Three top-quality wealth creators at bargain prices


A professional investor tells us where he’d put his money. This week: Peter Rutter of Royal London Asset Management picks three well-managed sector leaders.

When people buy equities they are purchasing a part of a company – literally a “share” of its future dividends and earnings prospects. The share price is a snapshot of the market’s view of the value of those dividends and prospects.
This reality underpins our approach to investing. Firstly, we identify companies where management is either creating wealth for shareholders through innovation, sustaining a strong market position, or laying the foundations for a brighter future if recent performance has not been very impressive. Secondly, we focus on valuation to gauge whether upside potential outweighs downside risk.
We believe that investing in businesses that are willing and able to create wealth for shareholders, and being able to buy that potential wealth creation at a discount, are the two crucial drivers of healthy long-term returns.
Three examples of such companies are aerospace company Safran, trucking firm Old Dominion Freight Line, and energy business Suncor Energy. They are managed effectively, with a strong emphasis on shareholders’ interests, and are better at creating wealth than the other key players in their industries.
Half of a duopoly
Safran (Paris: SAF) is the dominant player in commercial short-haul jet engines through its joint venture with General Electric. Air travel has consistently grown at about twice the rate of GDP for the last four decades. Whenever you fly short haul, there is a 50:50 chance that your plane will be powered by Safran engines.
The company effectively operates in a duopoly in a high-growth industry, with regulatory, safety, technology and cost hurdles for new entrants presenting huge barriers to entry. Throw in a proven management team, and Safran is in an exceptional position. Investors can currently buy in at a reasonable valuation.
No.1 for profitability
US-based trucking company Old Dominion Freight Line (Nasdaq: ODFL) has a national network. Investments in technology and service, alongside an excellent management team, make this the most profitable company in its industry. The firm is using these profits to grow the business organically, thereby compounding profit growth for shareholders. Members of the senior management team are also major shareholders, so the firm’s long-term growth is their key consideration.

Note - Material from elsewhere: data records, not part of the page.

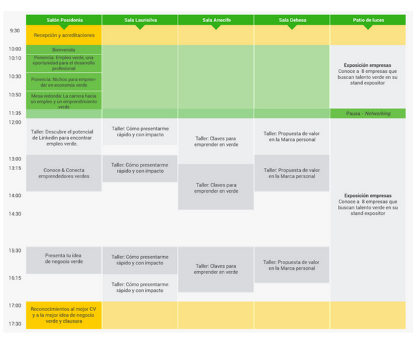 Para conseguir la meta principal de esta carrera, este I Maratón de Empleo Verde se ha diseñado como un espacio dinámico en el que se desarrollarán diferentes actividades:
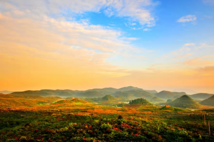 川河蓋草場(chǎng)旅游區(qū)平均海拔950米,全年平均氣溫12.1攝氏度,森林覆蓋率43%。游資源極其豐富,“春看映山紅遍、夏可乘涼避暑、秋觀芭毛秋雪、冬賞北國(guó)風(fēng)情”。依托天然的四季植被景觀,獨(dú)具特色的石頭茅草建筑,開闊的坪壩地形,可以開展豐富多彩的親近自然、回歸自然的活動(dòng)。主要以生態(tài)觀光,回歸自然為主要功能。景點(diǎn)及節(jié)目:映山紅(杜鵑花)節(jié)、植物科考、溶洞探險(xiǎn)、公路景觀、秋冬賞雪景、高山狩獵及騎射。
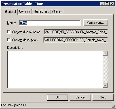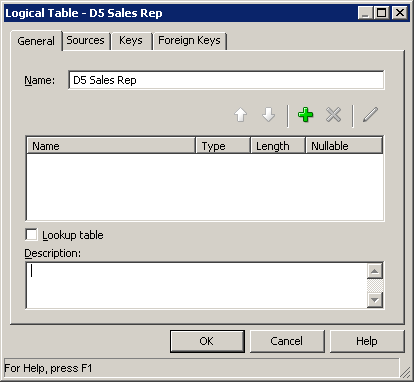 Generalタブで、D1 Time論理表ソースの名前をLTS1 Timeに変更します。 論理表から物理表へのマッピングは"Map to these tables"セクションで定義されています。
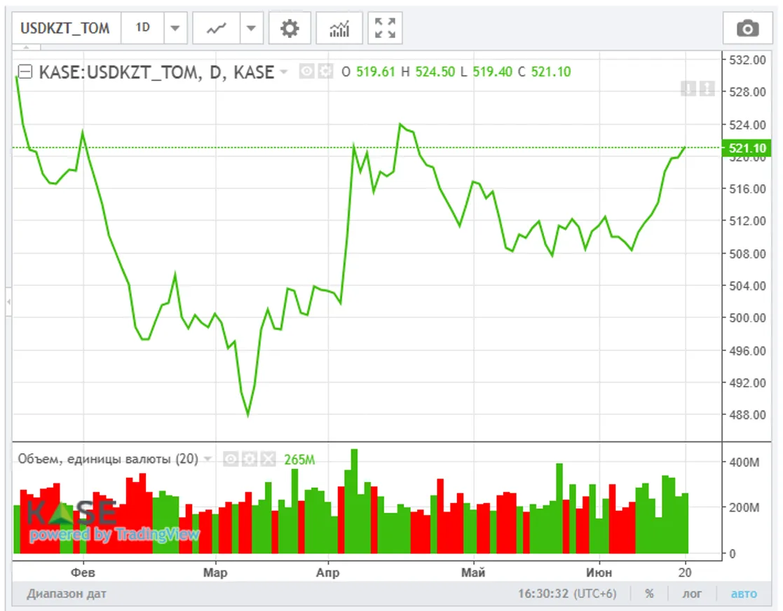 Курс по паре USD/KZT седьмой день подряд демонстрирует восходящую динамику и вырос в пятницу до отметки 521,92 тенге за доллар (+2,27 тенге) при объёме торгов в 265,1 млн долларов (+16 млн долларов). Ослабление нацвалюты во многом связано с внутренними факторами спроса и предложения инвалюты. Спрос на инвалюту, вероятно, был обусловлен оплатой казахстанскими компаниями импортных контрактов на фоне ускорения освоения бюджетных средств, реализации крупных инвестиционных и инфраструктурных проектов, погашением и обслуживанием внешнего долга государственным и частным секторами экономики, прохождением активного сезона отпусков. В то же время в июне объёмы трансфертов из Нацфонда снизятся до 700-800 млн долларов против майского показателя в 988 млн долларов. Среди внешних факторов отметим снижение котировок нефти в ходе торгов на KASE наряду с укреплением индекса доллара, что могло оказать дополнительное давление на курс тенге.
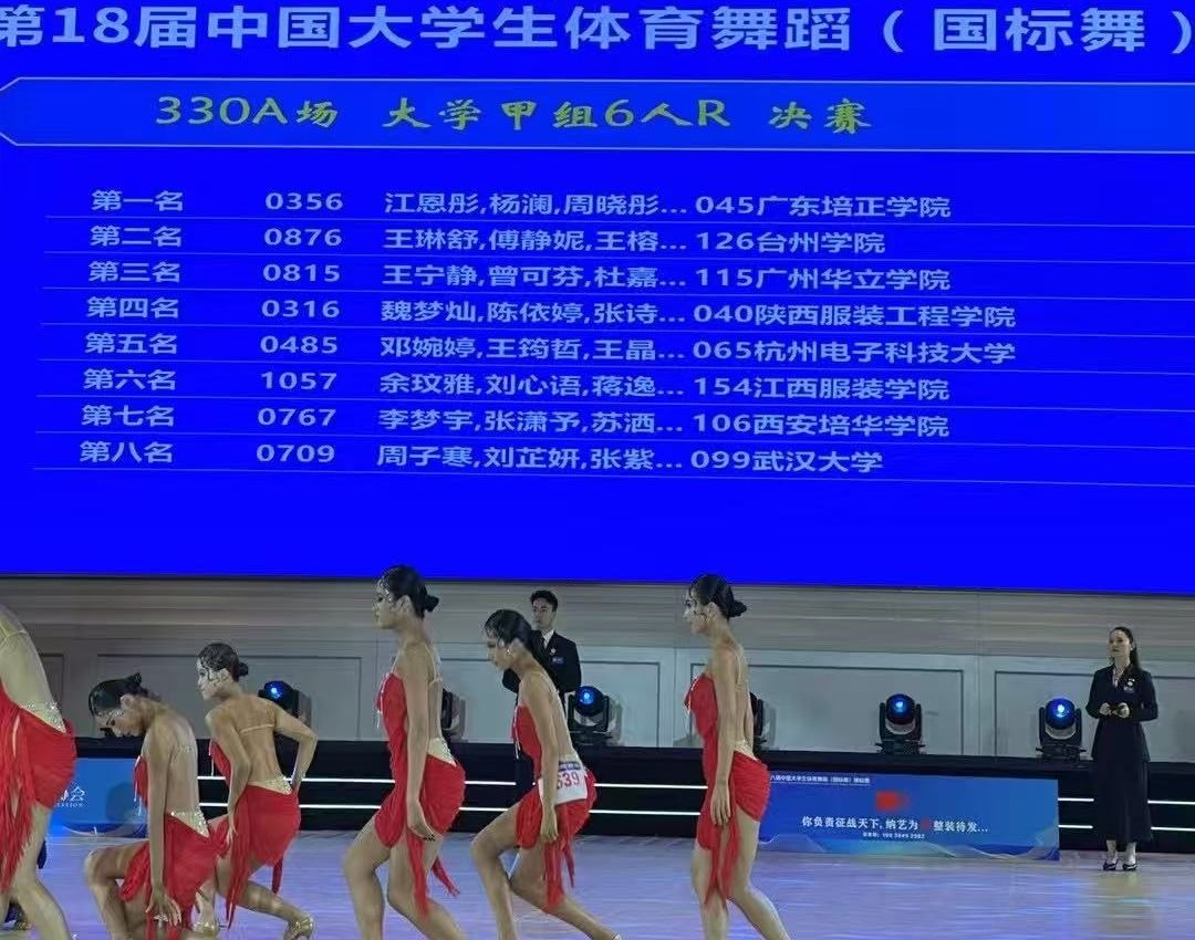 在集体舞项目的激烈比拼中,我校体育舞蹈队的队员们凭借默契的配合、精湛的技艺和昂扬的精神风貌,一路过关斩将,在大学甲组六人单项R项目中荣获第四名的优异成绩。他们的舞蹈动作整齐划一、刚柔并济,将体育舞蹈的力与美展现得淋漓尽致,赢得了现场观众的阵阵掌声和评委们的高度认可。

We think the firm’s potential is not reflected in its share price.
The upper hand in the oil sector
Suncor Energy (Toronto: SU) is the largest player in Canadian oil sands, extracting crude oil from certain types of sand and rock. Its existing oil-sands facilities should produce oil for decades, unlike many traditional oil reserves, which often have short operating lives.
This gives Suncor a competitive advantage over rivals, who are forced to keep replacing reserves. Management has an excellent record of careful investment and has avoided getting caught up in the industry’s boom-and-bust cycles. The valuation at Suncor also implies a very low oil price for many years, limiting downside if the oil price remains low and providing significant upside if we see a more sustained recovery in oil.